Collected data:
___

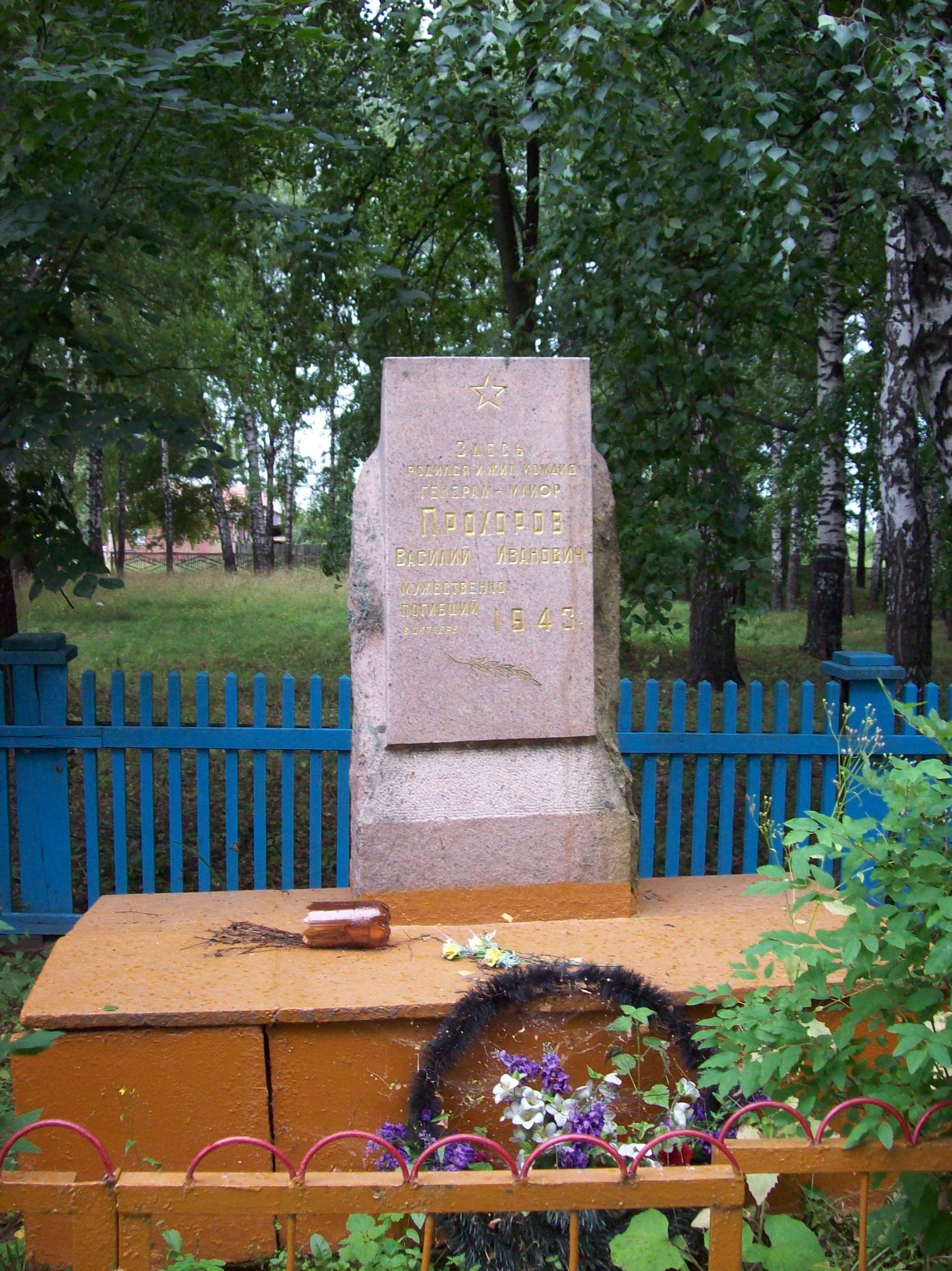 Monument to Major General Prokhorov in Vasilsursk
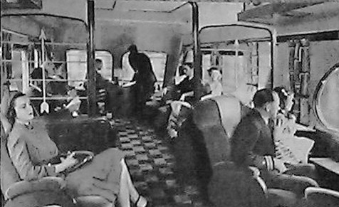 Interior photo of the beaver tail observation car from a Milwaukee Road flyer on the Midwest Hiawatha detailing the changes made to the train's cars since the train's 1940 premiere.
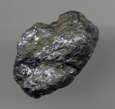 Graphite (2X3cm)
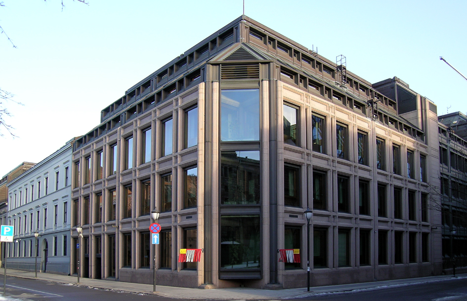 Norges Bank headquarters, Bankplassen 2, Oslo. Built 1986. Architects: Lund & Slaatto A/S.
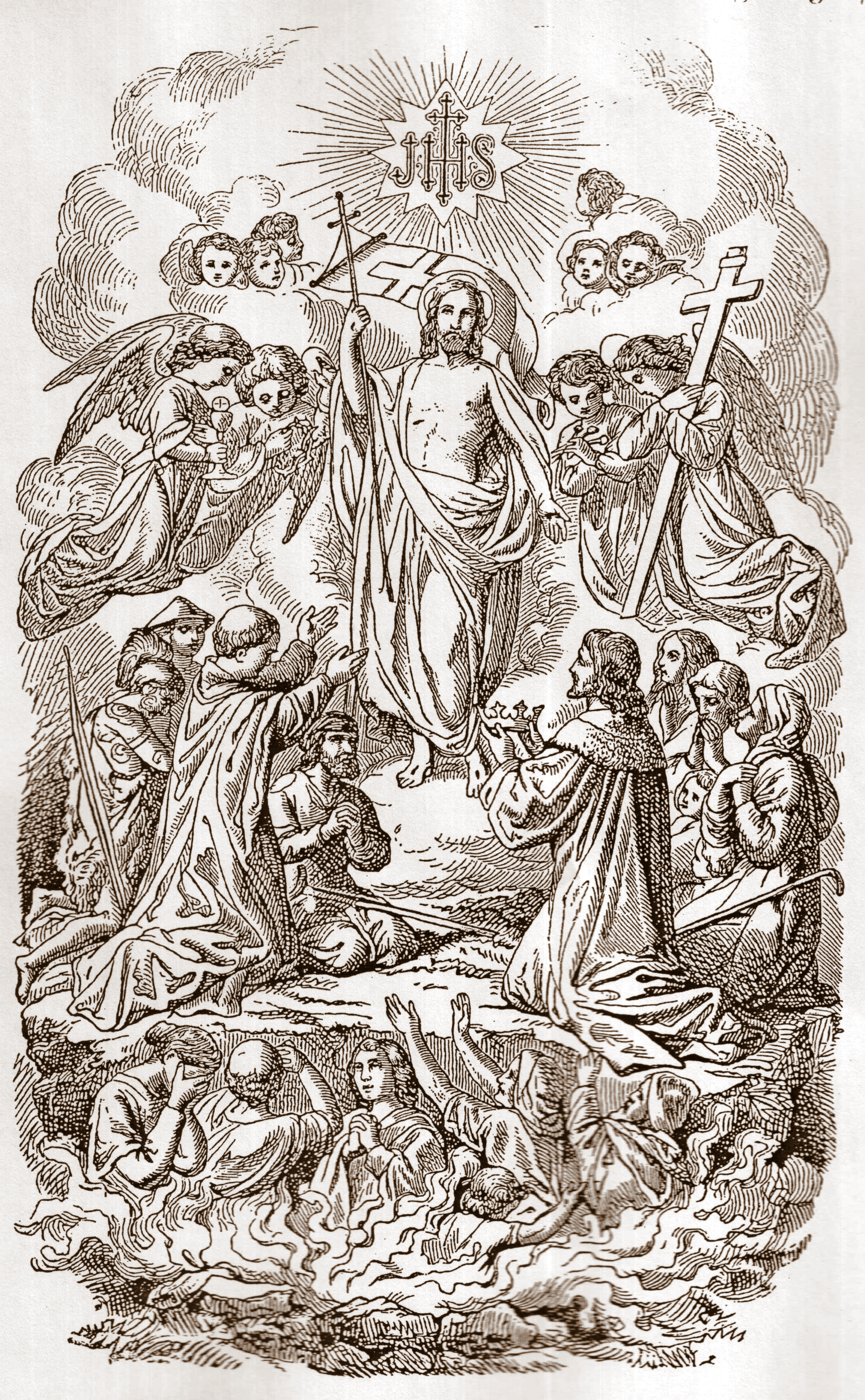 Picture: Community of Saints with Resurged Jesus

___

Exercise description: Go to the line that contains "Norges Bank headquarters, Bankplassen" and copy it and every line after it through the end of the entries, exactly, without the pictures.

Exercise output:
 Norges Bank headquarters, Bankplassen 2, Oslo. Built 1986. Architects: Lund & Slaatto A/S.
 Picture: Community of Saints with Resurged Jesus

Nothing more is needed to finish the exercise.